Покончив с этим делом, Воронков пошел в ванную. Заряженную пушку взял с собой.
На дверку ванной повесил новую одежду: чистая футболка, тонкий свитер и брюки — от серого «почти выходного костюма» — единственные теперь чистые порты да джинсовую куртку — последнюю из курток, имевшихся в гардеробе. Псевдокожаная валялась без рукава, кожаную чистить и чистить теперь, а эта, хоть и без подкладки, но на свитер — сойдет. И хоть странно разгуливать в брюках от костюма и джинсовой куртке, но кого это волнует в свете всего происшедшего?
Однако вот ведь, даже в такой ситуации думается о простых вещах — совместимости предметов одежды и прочей ерунде: Как все же традиционно настраивается нашей жизнью мышление человека! Ох и сильно ты, давление «круга общества»!
Он не знал, к чему и зачем готовится. Но чувствовал, что должен быть готов ко всему.
Пока ванна наполнялась, вздымая к небу угрожающие клубы белоснежной пены, Сашка щедрой рукой сыпанул в миску Джоя сухого собачьего корма, припасенного в шкафчике на кухне на случай, когда кашу варить для пса будет недосуг, да налил воды.
Джой жадно захрустел гранулами, похожими на «козьи наки», как сказал один мальчик.
Нужно было покормить и себя любимого.
Пошуровав в разгромленной кухне, Вороненок нашел банку армейской, еще старых запасов, тушенки. Той, что без этикетки, в солидоле, и с секретным номером на крышке, означавшим для понимающего много чего. В такой тушенке нету никаких соевых белков. В ней только мясо, лаврушка, соль да перец черный — как тушенке и положено.
Обернув маслянистую банку туалетной бумагой «для удобства удержания», Сашка открыл ее кортиком, потому что открывалки не нашел, а ножик раскладной был в куртке, брошенной в прихожей. Кортик вспорол толстую жесть с какой-то жадной, радостной легкостью. Налил себе граммов семьдесят водки в стакан, поллитровую кружку воды, обнаружил в разбитой пластиковой хлебнице пару сухарей, расположив это все на табуретке под рукой вместе с пистолетом и кортиком, полез в пену.
— Лафа-а-а-а!
Врут языкастые писаки, что де любовь и война — единственно достойны настоящего мужчины! Нет, ребята. Война — дело грязное, и не только в плане гигиены. Любовь — это, конечно, это ведь как — «что такое рыцарь без любви?» — это уж как повезет. А теплая ванна с солью морской и пеной, банка неразогретой армейской тушенки под водочку да с ржаным сухариком, после голодных трех с лишним суток, пушка верная под рукой — оно тоже неплохо и для настоящего мужчины не только не зазорно, но и в самый раз.

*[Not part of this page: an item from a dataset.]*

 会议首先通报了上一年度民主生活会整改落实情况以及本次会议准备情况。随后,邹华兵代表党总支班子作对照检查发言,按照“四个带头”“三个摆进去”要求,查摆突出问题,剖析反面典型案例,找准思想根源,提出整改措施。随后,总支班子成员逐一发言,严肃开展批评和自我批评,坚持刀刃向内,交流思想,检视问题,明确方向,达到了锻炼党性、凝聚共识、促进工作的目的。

Извольте видеть, господа гусары, — отмокает в горячей воде, напустив в нее аккурат и морской соли, и пены одновременно, покоритель иных миров и измерений, отважный первопроходец и где-то даже проходимец, натянувший нос времени и пространству. Даже чуть задремал.

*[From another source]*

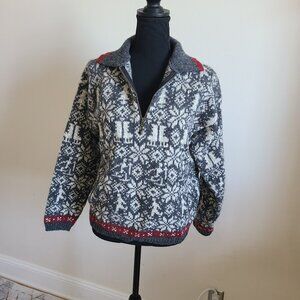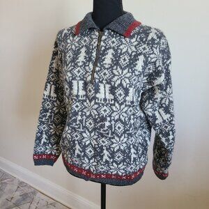 Vintage Woolrich Nordic Knit Sweater Womens S/ M Made in USA Fair Isle Half Zip

И в полудреме подумалось Сашке, что со временем и пространством у него получилось не очень хорошо. Ведь он ломанулся на тропу эту, Альбой показанную, для того, чтобы путь срезать и время выиграть, уходя от погони. И время, судя по несходству показаний часов, действительно срезал. Да еще как! Трое с гаком суток уложил в отрицательную величину. А вот путь сократить — не вышло. Отмахал изрядно.
Старик Эйнштейн подкрался незаметно… Применяется ли к путешествию по иным мирам принцип рычага? Наверное, только для неопытных путешественников. Потому что Альба играючи сокращала и время и пространство, действительно экономя, но не теряя и то и другое.

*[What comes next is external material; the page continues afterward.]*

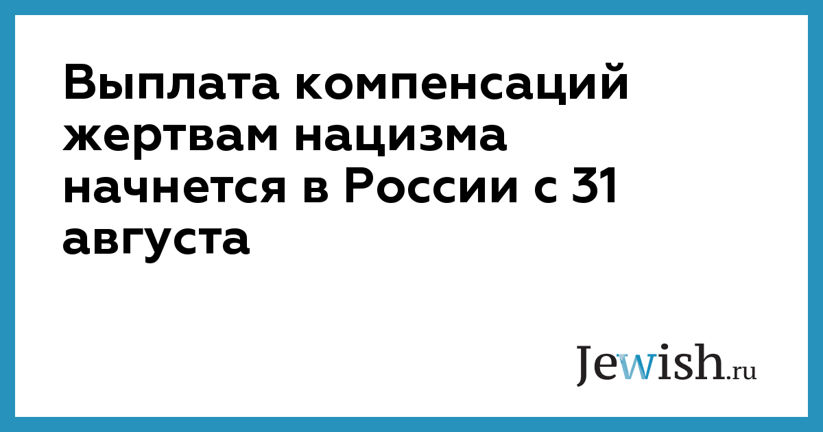 По ее словам, с этого дня начнется первый этап выплаты денежных компенсаций бывшим узникам нацистских концлагерей, гетто, людям, насильно угнанным в Германию с территории бывшего СССР и привлекавшимся к принудительным работам на промышленных предприятиях, а также военнопленным, находившимся в концлагерях.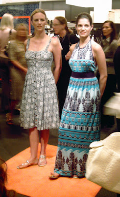 she’s also upped her evening/cocktail wear options, after a sequin t-dress she designed showed up on hilary duff and catherine zeta-jones. for summer, she’s offering a tank and short sleeve version of the dress, plus mediterranean print maxi dresses and gold brocade shifts.

«В другой раз буду проворнее, — подумал Сашка и даже чуть не подпрыгнул, — нет уж! Не нужно мне другого раза!»
Но напряжение понемногу отпускало.
Начались какие-то «маниловские мечтания» о путешествиях по иным мирам, но только непременно уютным, как та зачарованная изумрудная долина. Вот куда бы на пикничок…
Или поохотиться в том лесу, реликтовом, на панцирноголовую тварь — крокодила-летягу, как бишь его? Тахорг? Нет… Грунарг — засадный, блин, хищник. Рыжего еще позвать, то-то порадуется. И череп потом повесить в коридоре. И бросить так небрежно Ленке, когда она появится: «А, это-то? Это скальный грунарг. Засадный, понимаешь, хищник. Вымирающий вид! Вон видишь, сапоги стоят? Думаешь, крокодил? Фиг вам. Из кожи этого самого»…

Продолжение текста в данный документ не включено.